> _Data extract_:
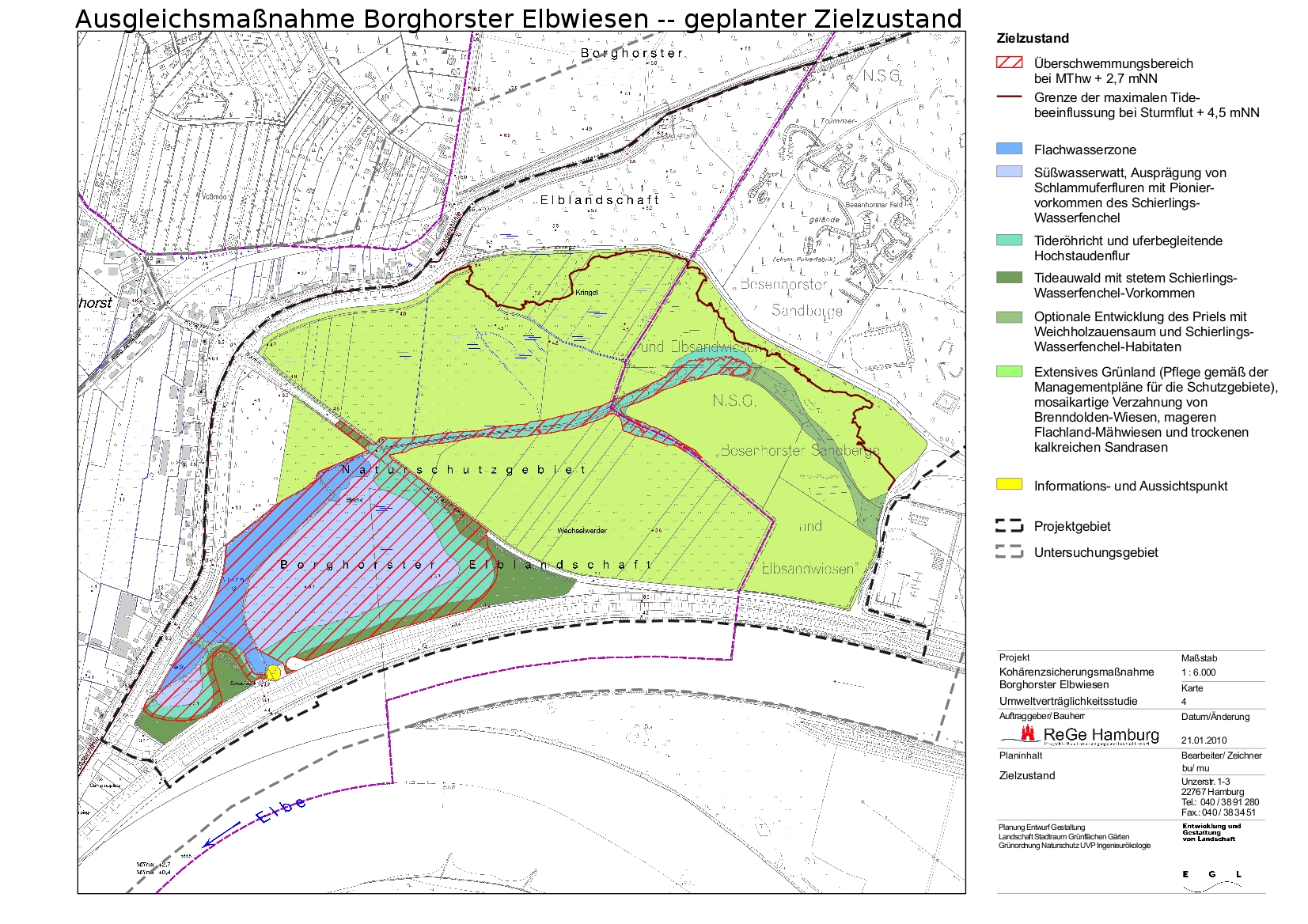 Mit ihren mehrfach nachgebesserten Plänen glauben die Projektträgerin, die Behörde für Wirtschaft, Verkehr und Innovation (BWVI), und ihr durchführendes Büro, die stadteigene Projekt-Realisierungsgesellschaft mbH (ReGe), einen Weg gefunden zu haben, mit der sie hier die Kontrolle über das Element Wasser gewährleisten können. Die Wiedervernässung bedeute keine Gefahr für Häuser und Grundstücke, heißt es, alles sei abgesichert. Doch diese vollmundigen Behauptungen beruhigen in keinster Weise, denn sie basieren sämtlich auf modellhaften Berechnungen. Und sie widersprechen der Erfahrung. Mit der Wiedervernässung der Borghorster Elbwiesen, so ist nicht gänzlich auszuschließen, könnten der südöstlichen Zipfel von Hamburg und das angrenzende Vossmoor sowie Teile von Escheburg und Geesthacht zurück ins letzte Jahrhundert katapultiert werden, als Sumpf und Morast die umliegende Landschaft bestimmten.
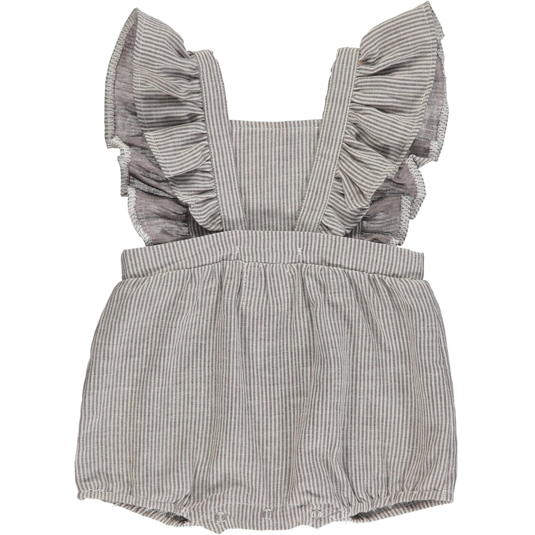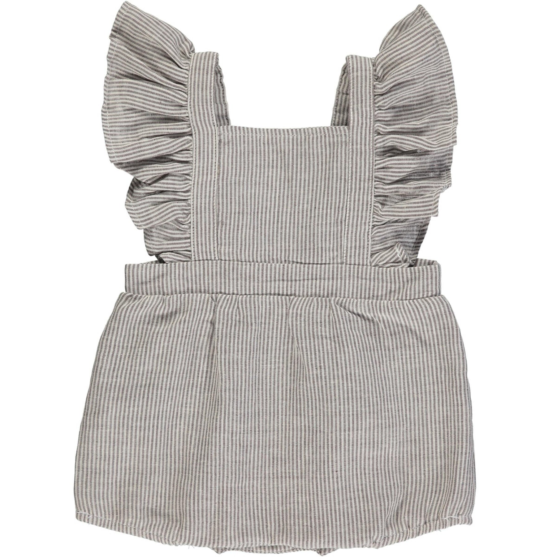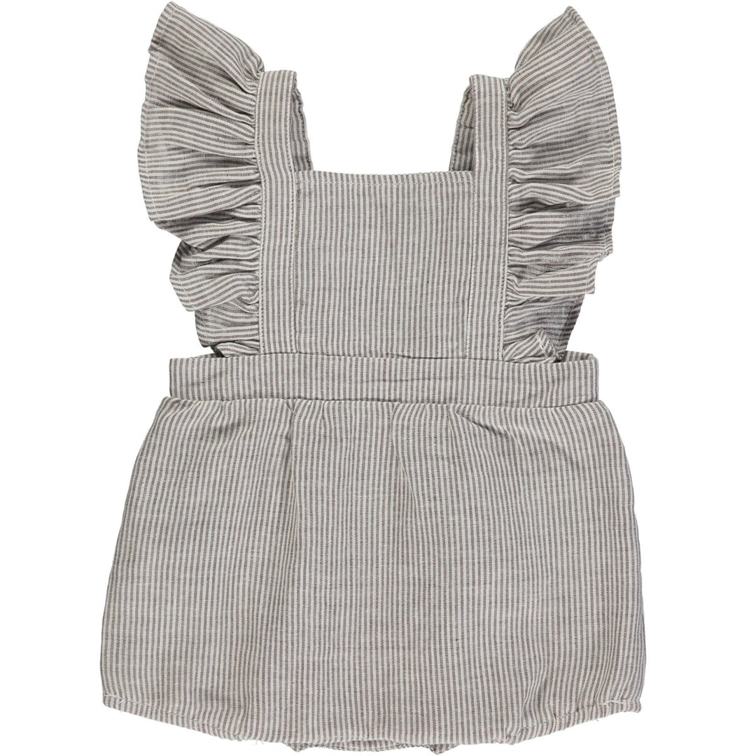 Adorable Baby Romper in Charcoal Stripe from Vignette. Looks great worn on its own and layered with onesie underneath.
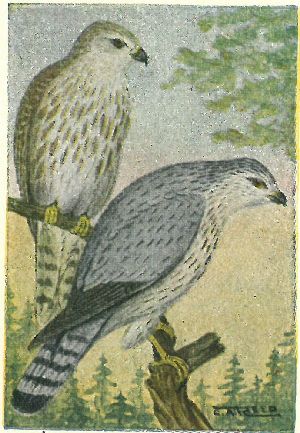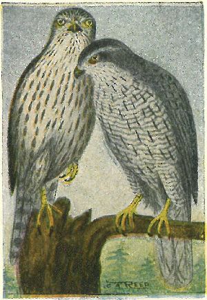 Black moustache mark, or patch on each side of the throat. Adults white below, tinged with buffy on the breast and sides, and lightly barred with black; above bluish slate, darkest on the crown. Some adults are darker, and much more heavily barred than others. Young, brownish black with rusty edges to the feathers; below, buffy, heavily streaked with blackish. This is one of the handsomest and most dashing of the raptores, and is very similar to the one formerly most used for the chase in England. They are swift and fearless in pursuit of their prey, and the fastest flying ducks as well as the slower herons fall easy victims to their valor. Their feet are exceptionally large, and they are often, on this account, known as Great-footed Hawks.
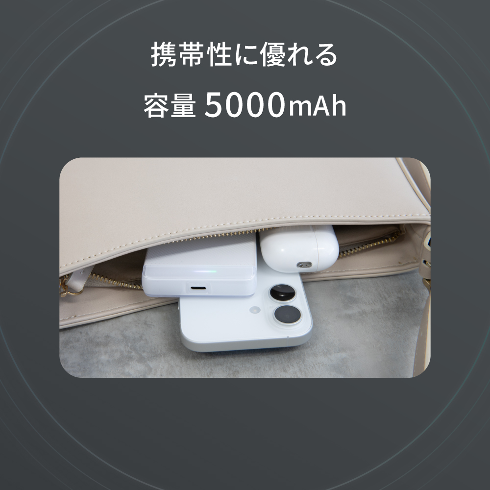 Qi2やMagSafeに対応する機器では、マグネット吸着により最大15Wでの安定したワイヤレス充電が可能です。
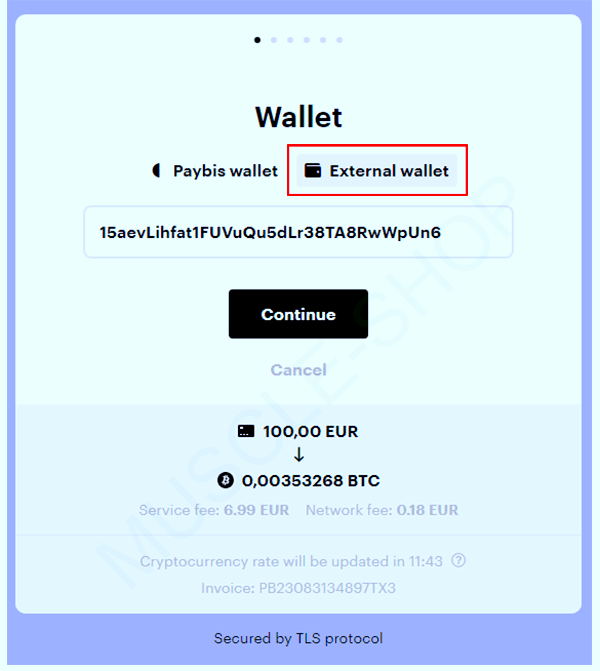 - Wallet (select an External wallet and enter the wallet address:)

---

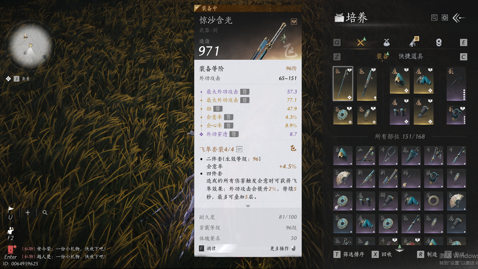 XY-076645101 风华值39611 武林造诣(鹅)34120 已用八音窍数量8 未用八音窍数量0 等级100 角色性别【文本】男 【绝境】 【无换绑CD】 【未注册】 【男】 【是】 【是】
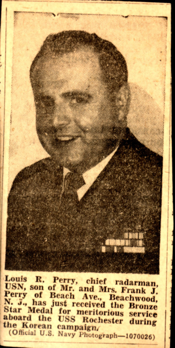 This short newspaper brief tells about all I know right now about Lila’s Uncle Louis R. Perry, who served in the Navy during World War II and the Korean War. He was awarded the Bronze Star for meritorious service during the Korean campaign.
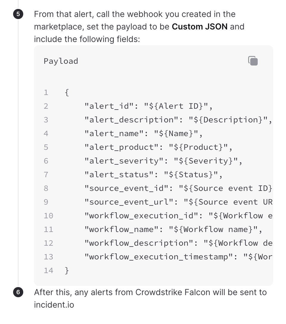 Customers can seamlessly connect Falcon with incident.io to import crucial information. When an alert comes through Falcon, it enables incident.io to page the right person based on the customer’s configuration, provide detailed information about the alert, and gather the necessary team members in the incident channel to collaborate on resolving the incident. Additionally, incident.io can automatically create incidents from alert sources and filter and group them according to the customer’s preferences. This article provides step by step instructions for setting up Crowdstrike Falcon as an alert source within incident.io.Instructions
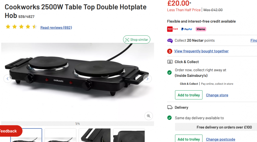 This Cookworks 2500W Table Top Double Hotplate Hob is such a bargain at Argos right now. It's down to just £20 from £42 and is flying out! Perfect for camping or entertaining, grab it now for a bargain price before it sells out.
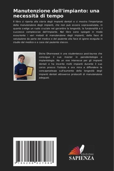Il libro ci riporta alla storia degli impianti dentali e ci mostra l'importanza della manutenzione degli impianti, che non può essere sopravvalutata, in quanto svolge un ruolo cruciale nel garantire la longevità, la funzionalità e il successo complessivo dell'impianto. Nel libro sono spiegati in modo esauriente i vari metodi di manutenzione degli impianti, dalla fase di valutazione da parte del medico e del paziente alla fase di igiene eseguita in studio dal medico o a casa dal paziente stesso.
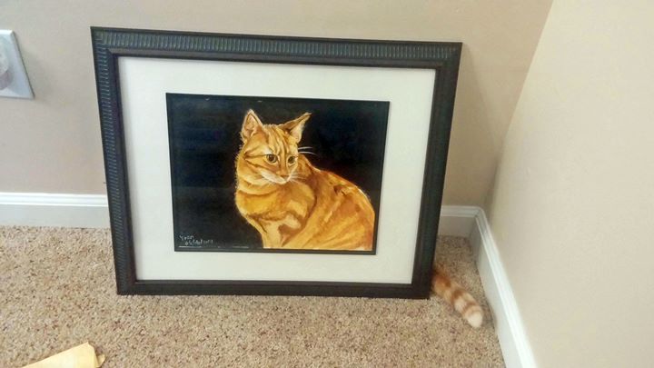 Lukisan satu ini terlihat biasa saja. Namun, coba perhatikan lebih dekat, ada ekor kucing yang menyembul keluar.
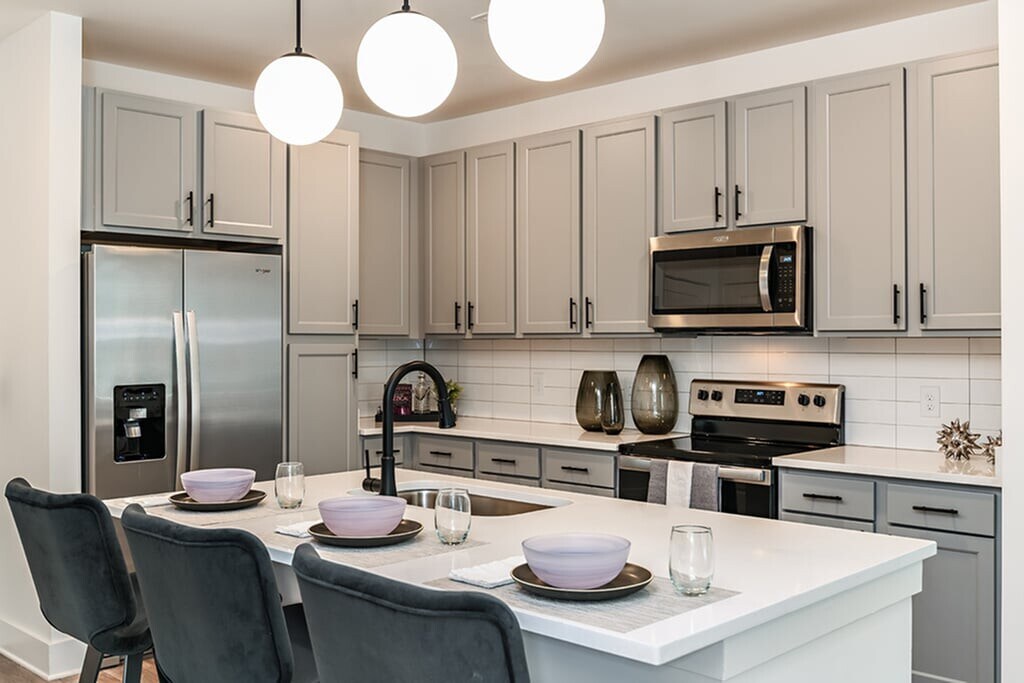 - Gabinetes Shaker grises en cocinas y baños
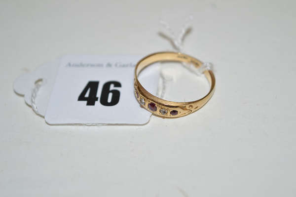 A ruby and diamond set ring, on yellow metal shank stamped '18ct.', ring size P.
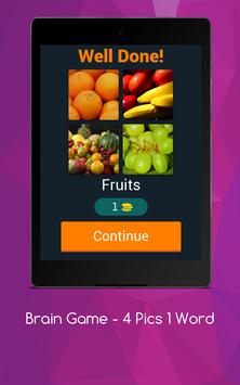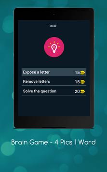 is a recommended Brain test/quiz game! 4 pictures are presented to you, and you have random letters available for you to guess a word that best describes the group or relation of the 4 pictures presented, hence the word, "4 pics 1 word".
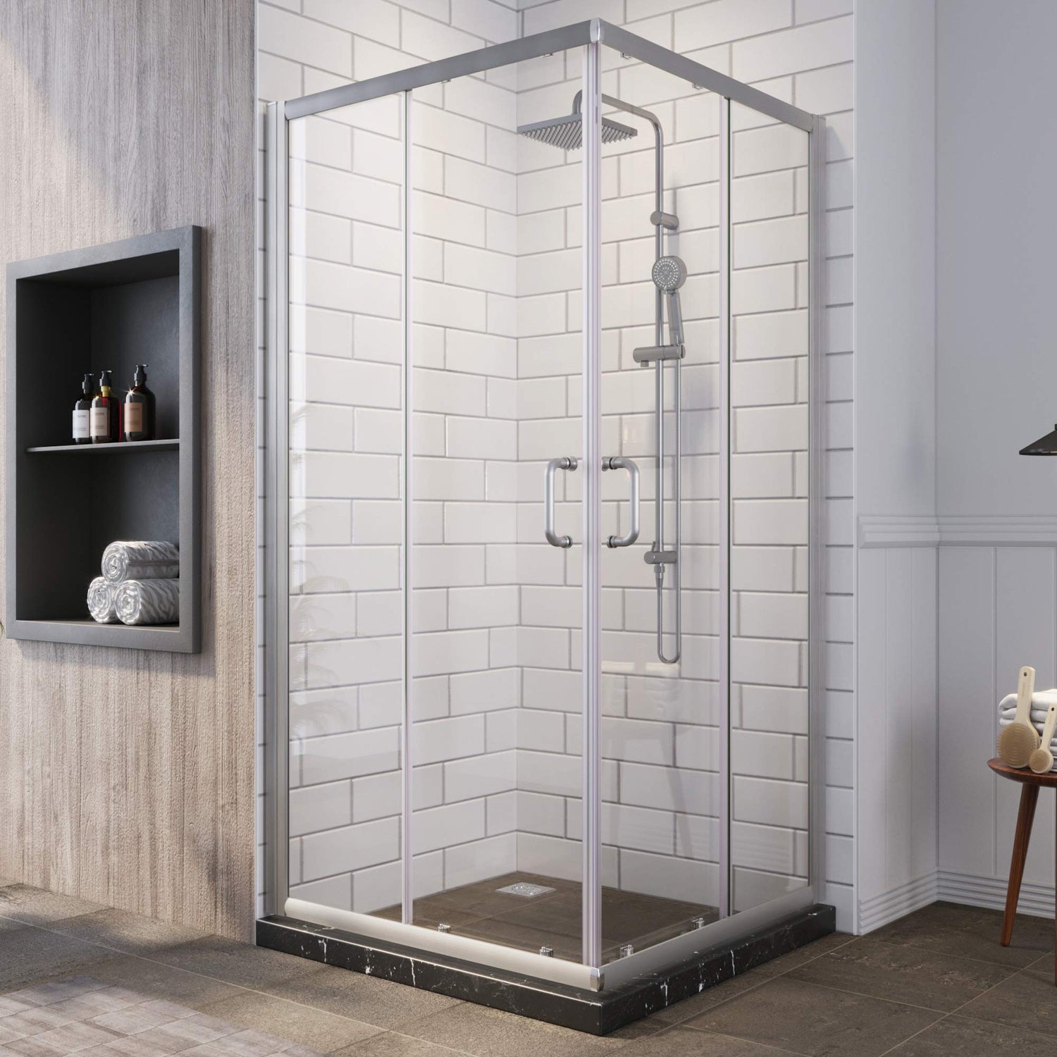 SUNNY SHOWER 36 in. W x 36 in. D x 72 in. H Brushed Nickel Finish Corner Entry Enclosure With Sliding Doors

> _What you have to do_:
Above is the material; set down exactly its lines from the one containing "XY-076645101 风华值39611 武林造诣(鹅)34120" down to the one containing "This short newspaper", both included, leaving out any pictures.

> _Written answer_:
 XY-076645101 风华值39611 武林造诣(鹅)34120 已用八音窍数量8 未用八音窍数量0 等级100 角色性别【文本】男 【绝境】 【无换绑CD】 【未注册】 【男】 【是】 【是】
 This short newspaper brief tells about all I know right now about Lila’s Uncle Louis R. Perry, who served in the Navy during World War II and the Korean War. He was awarded the Bronze Star for meritorious service during the Korean campaign.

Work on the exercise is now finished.